_AIM OF THE EXERCISE_
The task for the listing below is to write out exactly the lines starting at the one containing "A close-up of" and ending at the one containing "Uroczy króliczek - jajo", both included. Pictures are to be omitted.

_DATA SUPPLIED_
__________________________________________________

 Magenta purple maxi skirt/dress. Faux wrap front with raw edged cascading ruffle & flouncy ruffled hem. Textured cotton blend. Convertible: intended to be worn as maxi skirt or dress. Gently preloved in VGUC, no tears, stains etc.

__________________________________________________

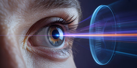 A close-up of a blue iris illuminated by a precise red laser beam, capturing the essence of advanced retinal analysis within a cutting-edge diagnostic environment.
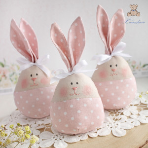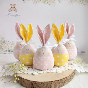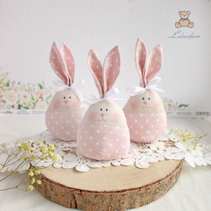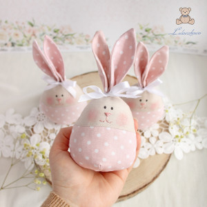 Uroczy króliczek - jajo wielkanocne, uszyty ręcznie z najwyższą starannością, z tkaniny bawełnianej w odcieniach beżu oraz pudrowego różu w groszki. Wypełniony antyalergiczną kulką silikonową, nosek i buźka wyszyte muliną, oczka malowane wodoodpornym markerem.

__________________________________________________

_RESPONSE AREA_
 A close-up of a blue iris illuminated by a precise red laser beam, capturing the essence of advanced retinal analysis within a cutting-edge diagnostic environment.
 Uroczy króliczek - jajo wielkanocne, uszyty ręcznie z najwyższą starannością, z tkaniny bawełnianej w odcieniach beżu oraz pudrowego różu w groszki. Wypełniony antyalergiczną kulką silikonową, nosek i buźka wyszyte muliną, oczka malowane wodoodpornym markerem.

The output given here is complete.